[RECORDS FOR PROCESSING — start]

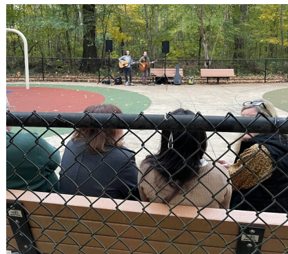
Church Brothers Performing at National Night Out.
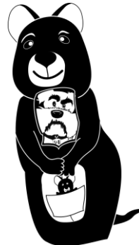
Quokka Apricot- Rosemary

All ingredients (apart from lemons) from Austria!
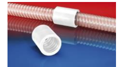
CONNECT 246 FOOD
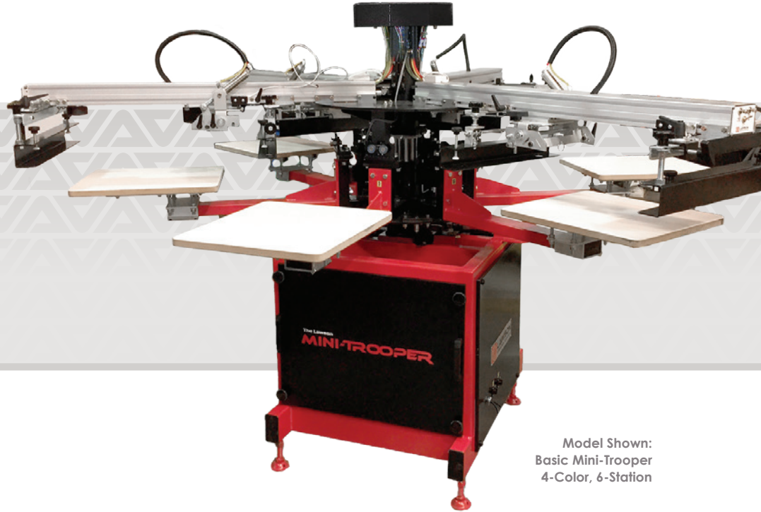
Model Shown: Basic Mini-Trooper 4-Color, 6-Station
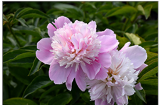
Monsieur Jules Elie Peony flowers
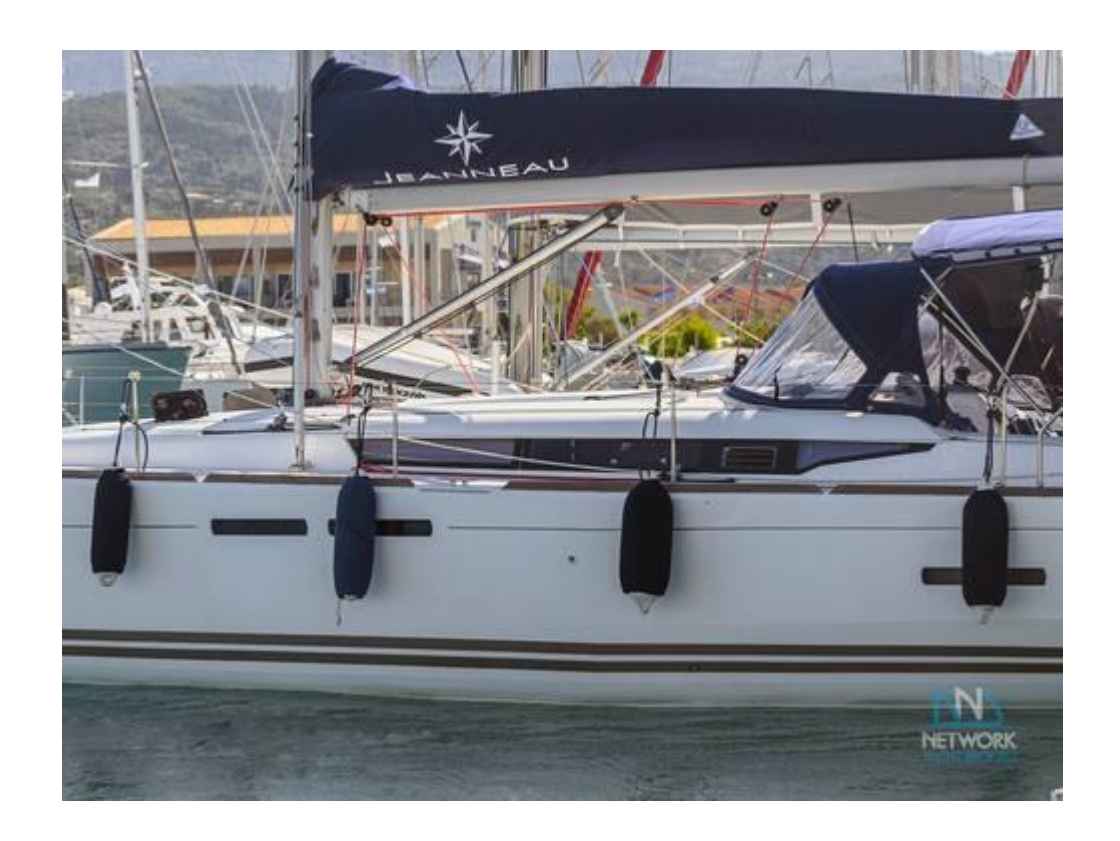
Jeanneau Sun Odyssey 439 3 cabins - 2 heads
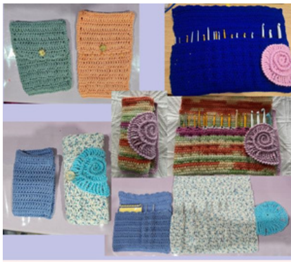
Made in various cottons - catona, superb 8, ashton, wren HOOK ROLL CLASS FEBRUARY 2026
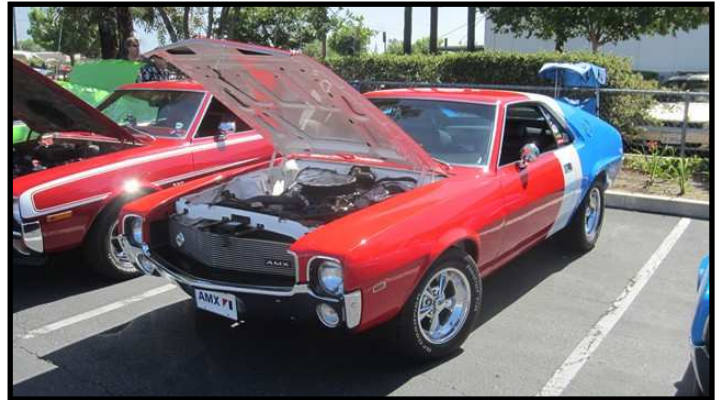
Allen Tyler's 68 AMX/Best Of Show
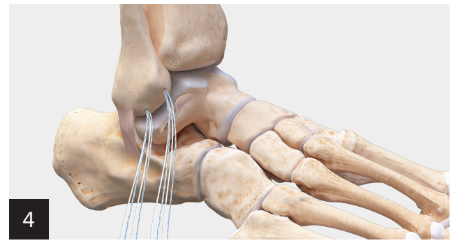
Repeat steps with the second DX FiberTak double-loaded anchor, placed about 2 cm from the distal tip of the fibula.

Pull back on the anchor handle about 5 mm to 8 mm behind the drill guide to seat the anchor against the cortical bone. After removing the drill guide, set the anchor in the bone by pulling back on the sutures.
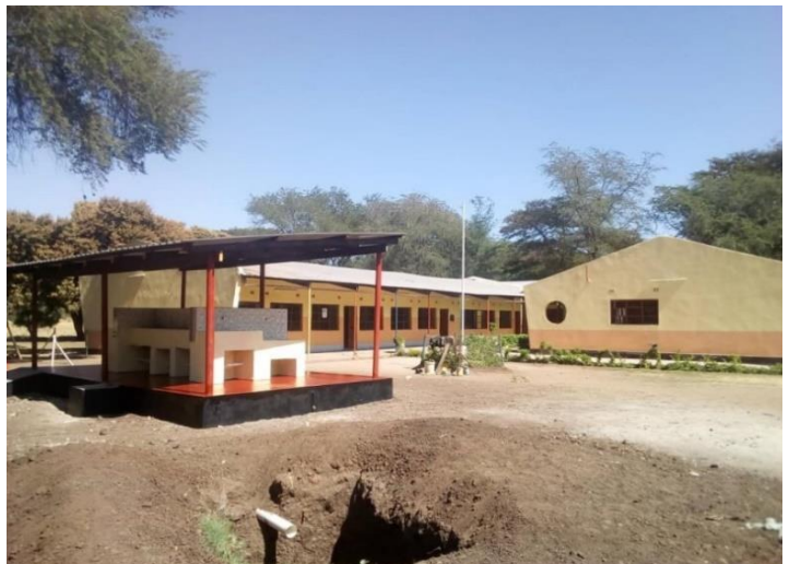
Expansion of Pre into Primary School. Linda Blind Farm School/Xavier Community School
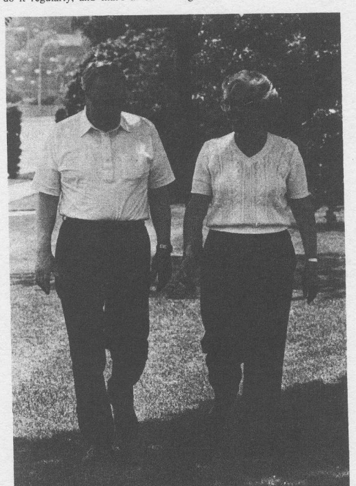
TAKE A WALK — Exercising with your spouse or a friend can provide incentive to continue your fitness program.

Start gradually, increasing the vigor and duration of the activity only as your fitness improves. Too much too soon can cause discour-
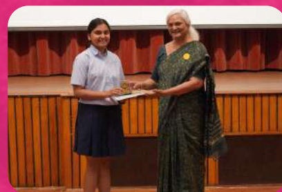
Academic Excellence Awards
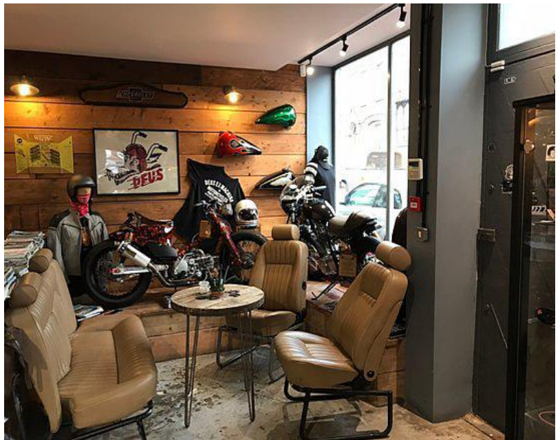
Coffee stop, Union Road Moto-Velo, CREDITON

At the last Rider Development Evening I asked the panel for some favourite rides. February 15th combines 2 of their recommendations, Bovey to Whiddon Down, and CREDITON to Bickleigh. It also has biker places for its start, middle and end! The start will be at Trago Mills 2 wheel centre (fish.doors.procured) 9:30 for 10:00 start so you can look round the bike shop and buy some essentials. Note there's only a simple coffee dispenser in the bike shop, but café (and cheap petrol!) at Trago main shop. Then that first favourite ride, on the A382 twisties through Moretonhampstead to Whiddon Down. Halfway coffee stop is at Union Road Moto Velo in CREDITON (amaze.football.mining) where you can admire their polished Harleys on sale. After that it's the CREDITON-Bickleigh twisties followed by the Exe valley ride to finish for lunch at Café 53 at Bridge Honda (humid.plants.drunk). At 55 miles this is a shorter ride than usual, but packed with biker interest, and I expect to be at Bridge Café 53 about 12:45. Les Mosco piloting, sweeper volunteer(s) please.
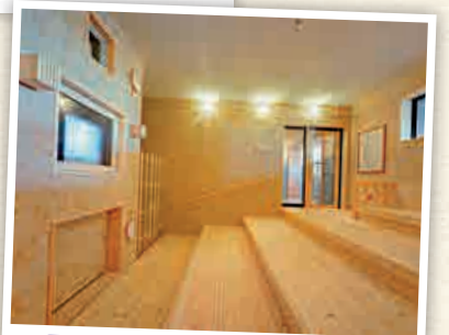
T1-2 Gensen-Nanakodai Onsen
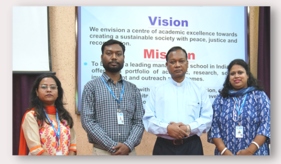
XISS Bulletin Team
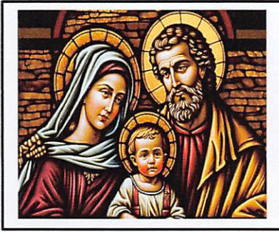
The Holy Name of Jesus
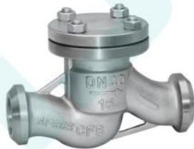
焊接止回阀 Welding check valve
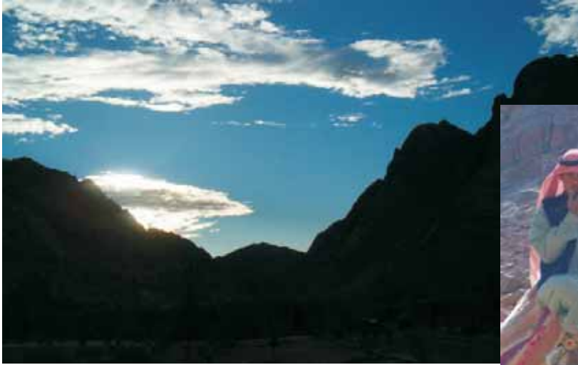
Area of Mt. Sinai

"This is the day the Lord has made, let us rejoice and be glad in it." Psalm 118:24
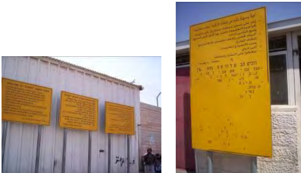
Figure 8: Signs on the Palestinian side of Qalandia crossing. Photos by author, August 2008

Now that written transcripts have come to exist, they are also vandalized as such, most likely by Palestinians. “Welco__ t_ th_ insp_ _ _ _ poi_ _” reads one of the signs, missing most of its Hebrew and English characters, probably a combination of Palestinian vandalism and Israeli neglect, not unlike the trash piling up at the entrance. The erased sign makes the site of instruction into a hollow caricature of itself, thus implicitly turning Israel’s visible regulatory efforts on their head. In effect, the signs, along with their erased letters, are both a proclamation of Israel’s new management of the crossings according to standardized norms, and a combination of two other statements: first, that inscribed by the Palestinians through their erasure of the letters of this text and, second, that of Israel’s underlying statement of neglect by not taking action to amend the vandalized situation.
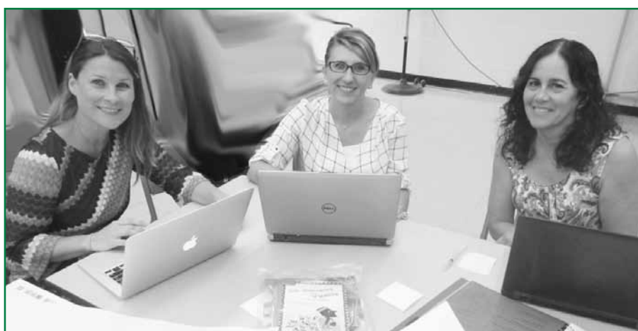
Teachers throughout the district have been preparing for certain curricular changes through a variety of professional development workshops.

Staff members throughout the district have been preparing for these changes by taking part in professional development workshops led by teachers, authors and field experts nationwide. The training promotes the success of the district's new initiatives, and more importantly, the success of its students.

[RECORDS FOR PROCESSING — finish]

BRIEF →
Exactly as written, restate the lines above from the opening line through the one holding "Allen Tyler's 68 AMX/Best Of Show", omitting the pictures.

OUTPUT →
Church Brothers Performing at National Night Out.
Quokka Apricot- Rosemary

All ingredients (apart from lemons) from Austria!
CONNECT 246 FOOD
Model Shown: Basic Mini-Trooper 4-Color, 6-Station
Monsieur Jules Elie Peony flowers
Jeanneau Sun Odyssey 439 3 cabins - 2 heads
Made in various cottons - catona, superb 8, ashton, wren HOOK ROLL CLASS FEBRUARY 2026
Allen Tyler's 68 AMX/Best Of Show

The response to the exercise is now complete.